Tuesday, May 16, 2006

#286 More Lube Please

So the talk is, we’re soon to lose our postmark. Seems, against all reasonable assumptions to the contrary, it will be more efficient to send all of our mail to Tacoma to be sorted and then send it all back again. I wonder if the first item in the sorting process is to separate the Olympia mail from the Tacoma mail. Personally, I’m thinking it would have to be one efficient sorter to make up for the high cost of gas used in transporting truckloads of mail to Tacoma and truckloads of mail back to Olympia. I don’t know why it might seen more feasible to employ a few pensioners from Panorama City to do the job in their semi-retirement. How much could it cost? The single biggest expense of the postal service is its retirement fund. These people would already be retired so you wouldn’t have to kick that in. Pay them a little more than McDonalds or WalMart greeters and they would flock to be of service. I can see it now, a flock of seniors, long ears flapping, shuffling along with hips waddling like a penguin trying to hold in a suppository.

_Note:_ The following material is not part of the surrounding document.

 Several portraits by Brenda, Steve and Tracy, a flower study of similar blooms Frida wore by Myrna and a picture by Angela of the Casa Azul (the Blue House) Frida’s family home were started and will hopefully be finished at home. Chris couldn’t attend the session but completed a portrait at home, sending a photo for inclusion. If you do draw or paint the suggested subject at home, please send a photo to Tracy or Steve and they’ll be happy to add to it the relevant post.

I remember this transportation thing from micro-economics. Unfortunately, I don’t remember the theory behind it, but I think it’s that you pay less for things that have been shipped from farther away and you pay more for local stuff—something about more competition in a bigger marketplace. I don’t remember. About a month into the class, I decided no one knows diddly when it comes to economics. It’s like being a meteorologist, you can master all the tools and have lots of expensive equipment and computers, and pose theories and make models till you’re blue in the face, but in the end you don’t really know if it’s going to rain till you feel drops on your nose.

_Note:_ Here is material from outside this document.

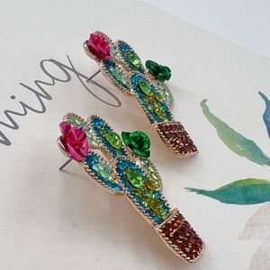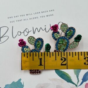Adorable, fun and sparkly cactus rhinestone earring with pink and green bloom.

The big current mystery is why the city of Bellingham, right down the street from the refineries at Anacortes, right down the pipeline from Alaska oil, has the highest gas prices in the state. Western Washington has one of the highest in the nation and we are arguably the least dependent on foreign oil. As usual, it has something to do with someone having someone else over a barrel. In this case the oil companies having us in a, shall we say, compromised position. Financial analysts say, appropriately, that the surest way to lower price is to lower demand. See classic economic theory referenced above. The problem we have, as a society that is completely dependent on oil, is that lowering demand is next to impossible. We’re kind of like the diabetic that decides to boycott his insulin manufacturer because prices are too high. He doesn’t have a lot of, as they say in the investment world, leverage. Supply and demand only works when you have a choice about the demand. So we get it in the end. And for some reason we’re all walking like penguins.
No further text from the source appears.